Parmi les sportifs qui entraînent leurs corps à la compétition de haut niveau, Ibrahim Hamadtou détonne. Ce père de trois enfants, originaire de la ville portuaire de Damiette, a perdu ses deux bras dans un accident de train lorsqu'il était enfant. Aujourd'hui, lorsqu'il joue au tennis de table, il tient sa raquette avec sa bouche. Bien qu'il n'ait pas remporté ses premiers matches, contre le numéro quatre mondial, le Britannique David Wetherill, et l'Allemand Thomas Rau, ce joueur étonnant se dit ravi. « Je suis juste content d'avoir pu venir d'Égypte et d'avoir affronté des champions, confie-t-il à l'AFP. Ce que je ressens est inexplicable, je suis trop heureux. »
Le foot, trop dangereux
Hamadtou avait 10 ans lorsqu'il a perdu ses bras. « Après, il est resté silencieux chez lui pendant trois ans. Il n'osait pas sortir », raconte son entraîneur depuis 20 ans, Hossameldin Elshoubry. Un proche essaye de sortir l'adolescent de sa dépression grâce au sport. Avec ses deux bonnes jambes, le football semble parfait. « Ça n'a pas marché », soupire Ibrahim. Son coach explique : « C'était trop dangereux. Sans bras, si vous tombez, vous n'avez aucune façon de vous protéger ». Le jeune homme se tourne alors vers le tennis de table en faisant tenir la petite raquette sous l'aisselle de son bras droit. « Cela n'a pas marché non plus », sourit-il.

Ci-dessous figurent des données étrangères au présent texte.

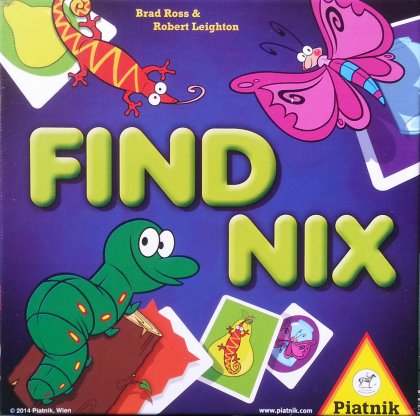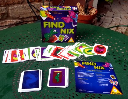 Une carte est posée sur la table et le joueur dont c'est le tour doit trouver dans son jeu une autre carte qui présente deux ou trois caractéristiques identiques. S'il trouve une carte avec deux caractéristiques identiques, il la pose et c'est maintenant le tour du joueur suivant. S'il trouve une carte avec trois caractéristiques, il peut rejouer sans y être contraint. Et s'il ne trouve rien, il doit piocher. Le premier joueur qui s'est débarrassé de toutes ses cartes gagne la manche et autant de points que le nombre de cartes chez celui qui en possède le plus. Le premier qui atteint un score donné gagne la partie. Trop compliqué pour les jeunes joueurs, trop hasardeux pour les plus âgés, Find Nix ne convainc pas vraiment. Au fait, quatre-vingt-une cartes avec 4 caractéristiques triples, ça ne vous rappelle rien ? Même pas Set ? Effectivement, on peut jouer à Set avec une boîte de Find Nix, ou à Find Nix avec une boîte de Set.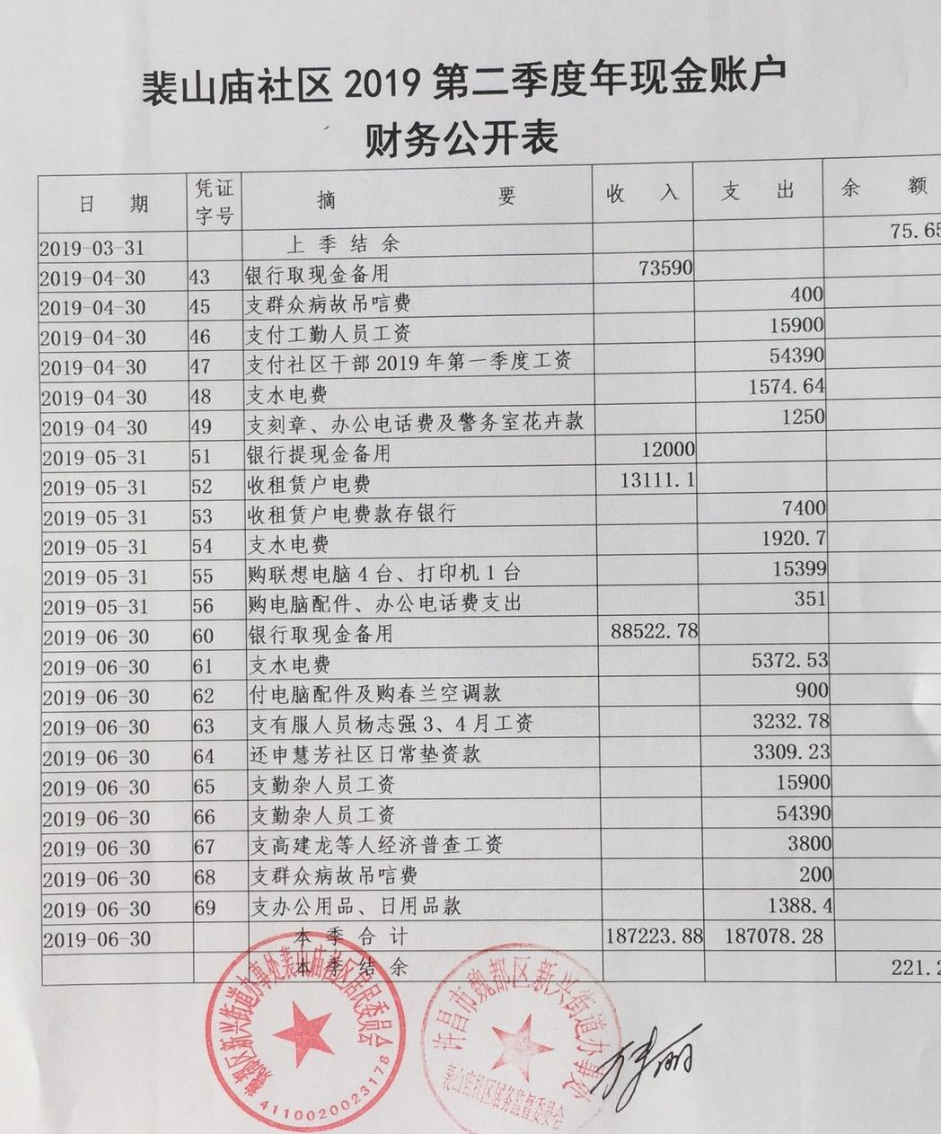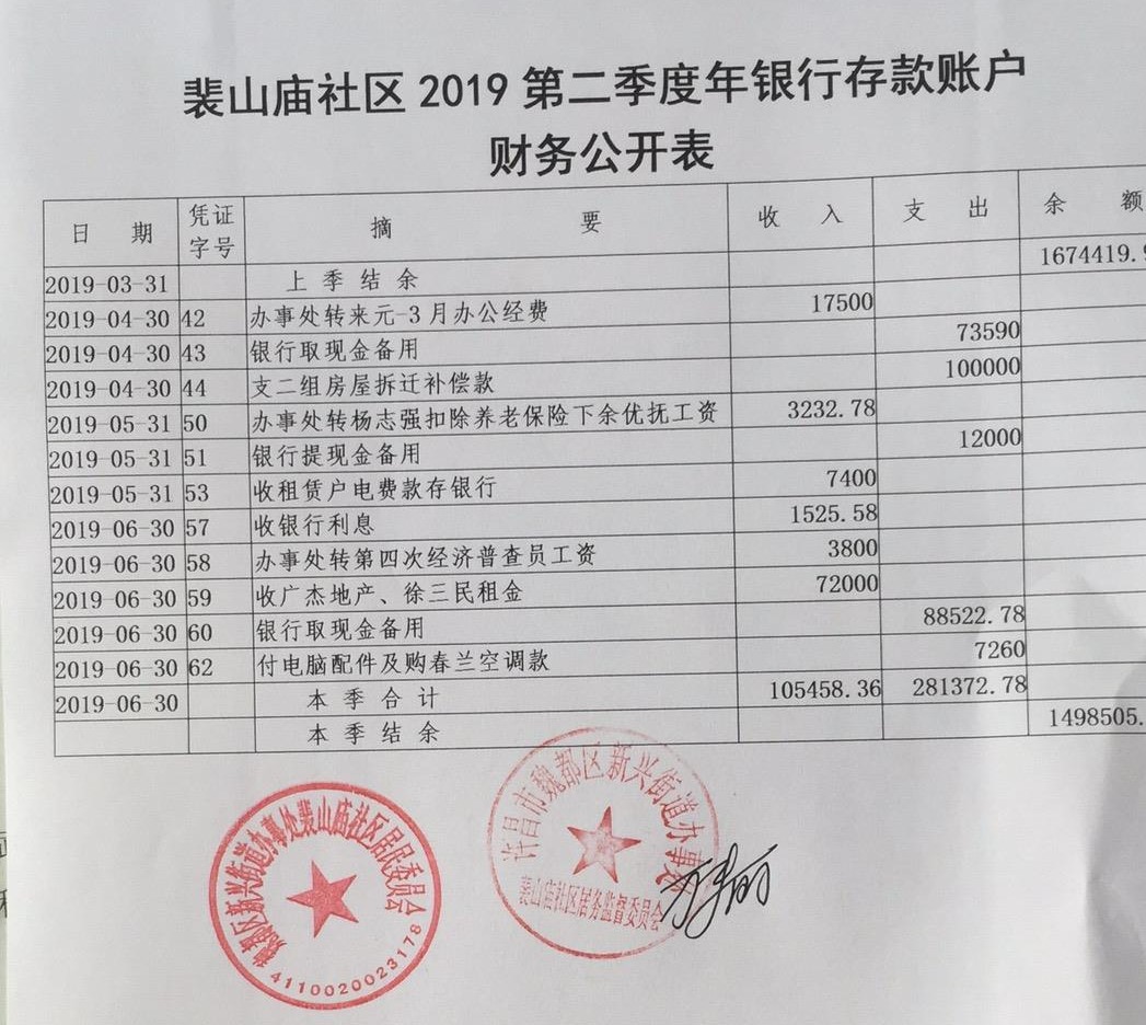 新兴办事处裴山庙社区2019年第二季度现金、银行存款账户公开表

Quelques ajustements pour jouer
Finalement, il essaye de tenir le manche avec sa bouche, comme lorsque l'on cherche quelque chose avec une lampe et qu'on a les mains pleines, décrit-il. Mais le tennis de table, discipline rapide et précise qui se joue sur une petite table, est incomparable au fait de tenir une lampe de poche. Hamadtou, lui, y est arrivé. Pour cela, il a dû faire quelques ajustements. Pour servir et ramasser la balle, il utilise ses orteils et joue donc sans chaussure droite. Pour échanger des balles, il peut compter sur son cou musclé et agile qui transforme sa tête en l'équivalent d'un bras et sa bouche en une main. « Cela m'a pris trois ans pour apprendre », poursuit-il. Fier, son coach ajoute : « Après, sa vie a complètement changé. Il est même retourné à l'école ». Dans son pays, Hamadtou est devenu une star grâce une vidéo de ses exploits postée sur Youtube, vue plus de 2,3 millions de fois.
Des matches équitables ?
L'un de ses adversaires, David Wetherill, qui joue au tennis de table avec une béquille pour soutenir la partie gauche de son corps, est également très connu dans sa discipline. La vidéo de son superbe coup à Londres en 2012, alors qu'il était tombé au sol, a également été vue des millions de fois. Pourtant, celui-ci dit se sentir dans l'ombre face à l'Égyptien. « C'est une légende du tennis de table, déclare-t-il. Je sentais un peu de pression, j'étais nerveux. Ibrahim, avec toutes ces choses qu'il réalise, fait relativiser. » Le problème, finalement, est d'être unique : il est difficile de lui trouver des adversaires contre qui les matches soient équitables. « Il est le seul à utiliser sa bouche. S'il y en avait cinq, six, sept autres, nous pourrions créer une nouvelle catégorie », poursuit son entraîneur. Cela pourrait arriver. En Égypte, le sportif entraîne deux garçons sans bras âgés de 10 et 12 ans. Selon Hossameldin Elshoubry, « Il veut offrir à ces deux jeunes les compétences que personne n'a pu lui donner lorsqu'il était enfant ».